I’m Adrienne, aka “Fuzzytop”, writing to you from Jasper, Tennessee, a very small town about 25 miles west of Chattanooga. I’m a transplant to the South, having moved here from the Phoenix area in 2005. My family consists of husband, Tom, Rachel (HS Senior), and James (HS Freshman). Along with the humans, our family includes six dogs and eight cats, and of those, only two were acquired deliberately; we have soft hearts for abandoned dogs and cats. We also have six cows, a donkey, and assorted chickens and live on 40 acres in a rural area, which is a huge change from the Phoenix suburbs.
So…..a little bit about myself. I grew up overseas in Kuala Lumpur, Malaysia. We lived there until I was nine, and then immigrated to the United States, landing in Mesa, Arizona. Culture shock!!! After High School I attended Arizona State University, receiving a BS in Bioengineering and later, a MS in Quality Engineering and Applied Statistics. For many years I worked as an engineer and a project manager at Intel Corporation in AZ. Here in TN, I work in Quality Assurance for an engineering firm in Chattanooga. Work-wise, I seriously love data analysis and statistics. Away from work I enjoy reading, drawing, beading, gardening, and spending time with my family. I also love Bible Studies, and have done every Siesta Summer Bible study with two dear friends, Linda and Sarah, whom I met through this blog.
As a child, I had very little exposure to Jesus and the gospel. In Kuala Lumpur, I attended a Catholic school, and I recall my class practicing for communion using slips of newspaper in place of the wafers. The nuns were very concerned that we not “mess up” our First Holy Communion, so it was a stressful event. I had no idea what it all meant. My parents were not Christians, so as a child we never went to church or read the Bible, but somehow I knew in my heart that God was real. During difficult times in my early years, I remember praying to God, and trusting that those prayers were heard.

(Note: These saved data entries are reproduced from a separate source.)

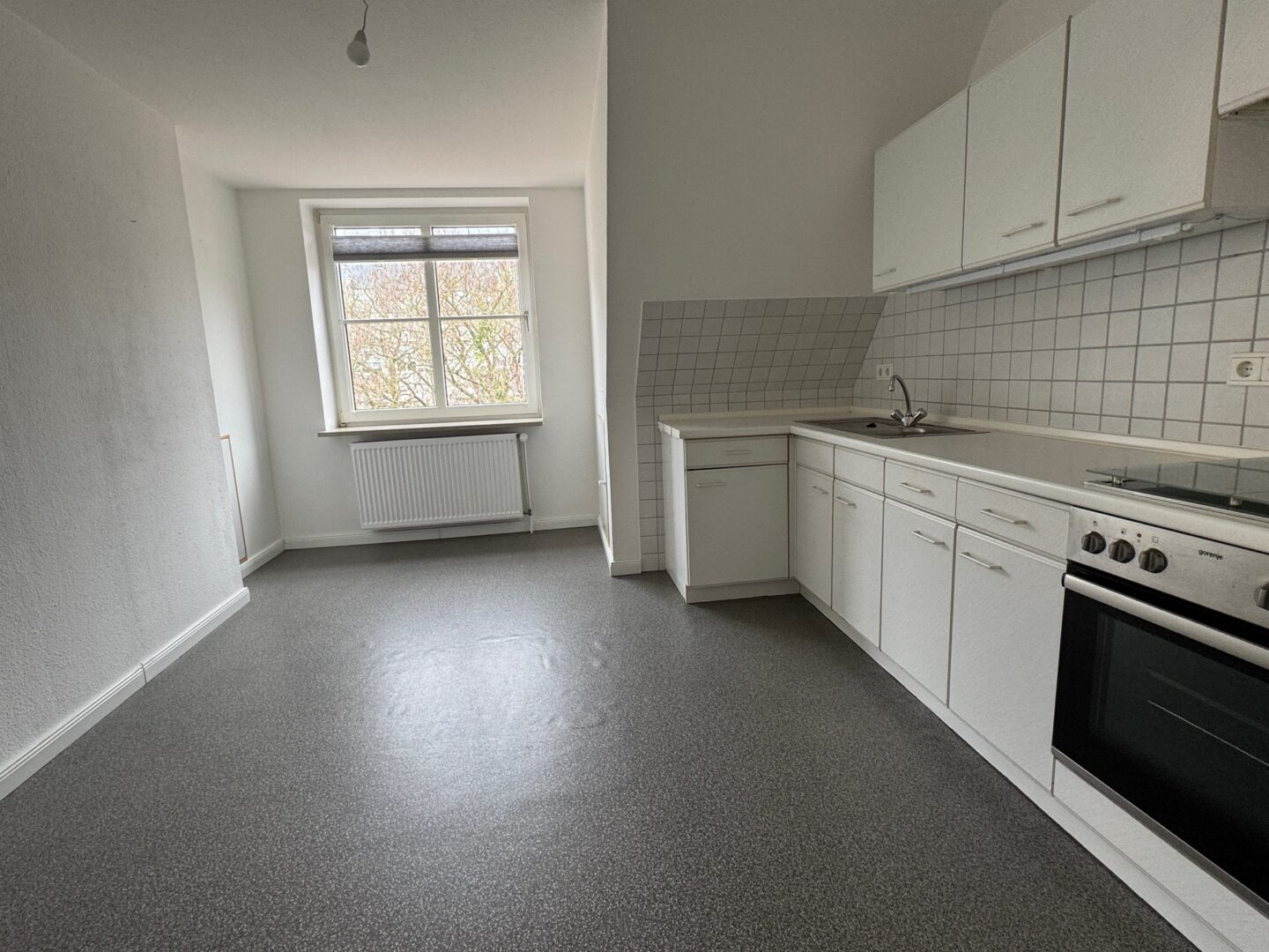 Beim Betreten der Wohnung gelangen Sie über einen langen Flur in die einzelnen Räume. Zur linken Hand befindet sich die Küche, während Sie geradeaus in das großzügige und helle Wohnzimmer gelangen. Von hier aus erreichen Sie ein kleines, gemütliches Durchgangszimmer, das sich ideal als Lese- oder Arbeitszimmer eignet.
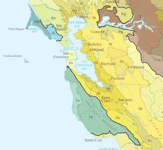 The Point Reyes/Farallon Islands ecoregion includes the Point Reyes Peninsula, Bodega Head and the sand spit at the north end of Bodega Bay, and the offshore Farallon Islands. The maritime climate is temperate and humid, with frequent fog. There are granitic rocks along with Pliocene and Miocene sandstone and mudstone, and Quaternary sands. Soil temperature regimes are mostly isomesic, with some mesic. Soil moisture regimes are mostly ustic. Common vegetation includes Douglas-fir, tanoak, Bishop pine, coast live oak, Pacific reedgrass, and coyote brush. A few redwoods occur. Most of the streams are small, and dry by the end of the summer. The Farallon Islands, about 20 miles southwest of Point Reyes, are a group of small granitic islands providing important habitat for seabirds, seals, and sea lions.[6]
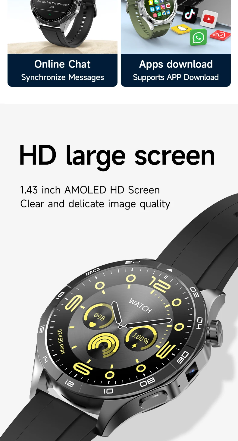 4. 1.43 inch large Amoled screen with a resolution of 466*466, 200W HD Pull and rotate camera;
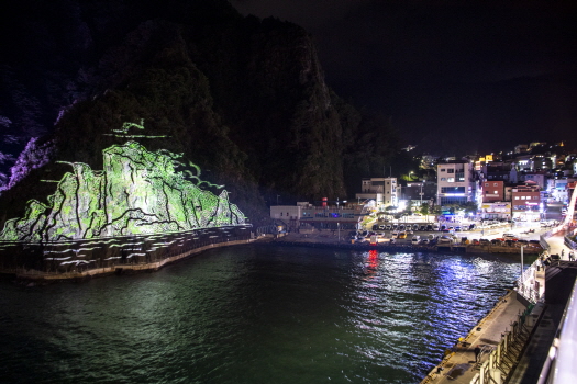 해당 암반은 가로 약 60m, 높이 약 40m 규모로, 울릉도의 화산암반과 그 위에 어우러진 수목의 질감과 형태를 살린 영상이 연출돼 자연경관과 조화를 이루는 입체적인 야간 경관을 선보인다. 관람 장소는 여객선 터미널 2층 야외 공간으로, 바닷바람을 느끼며 영상을 감상할 수 있다.
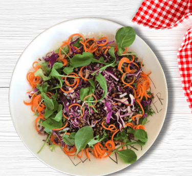 carrot, mix leaves, cucumber, shredded slaw, herbs, citrus, hummus, avo ( seasonal )
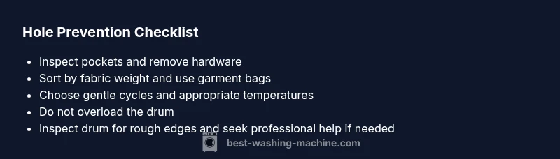 Do washing machines cause holes in clothes? In most cases, fabric holes come from items inside pockets, zippers, or rough drum surfaces rather than the machine itself. The most common culprits are snag-prone hardware, overloading cycles, and aggressive agitation. To prevent holes, separate fasteners, use gentle cycles, and inspect garments before washing. According to Best Washing Machine, understanding how fabrics interact with machine motion can help you spot risks before they become holes. This awareness is especially important for homeowners and renters who rely on regular laundry to keep wardrobes fresh and intact.

During High School, I began attending church and youth group with some close friends, and began identifying myself as “a Christian”, but I know now I had never truly given my heart and my life to Jesus and fully trusted in Him for salvation. My Christianity was nothing but a label. I became disillusioned when I found out those High School friends were no different from the non-Christian “bad” kids I knew. I dropped out of Youth Group and then church for many years.
During college I met my husband. He had been saved during his senior year of High School, and we spent many hours talking about God, and Jesus. After we married, we started attending church. One fateful Sunday I went alone, and during the invitation, I felt an overwhelming conviction that the invitation was for me. Honestly, I was stunned, having thought for many years that I was saved! I didn’t respond to the invitation that day, but all the next week it was on my mind, and I prayed to really know what to do. The following Sunday during the invitation I was again convicted in my heart that I needed to respond and this time, I went forward, prayed for Jesus to forgive me of my sins, and truly accepted him as Savior. Even today, almost 30 years later, I can remember the overwhelming flood of relief and joy.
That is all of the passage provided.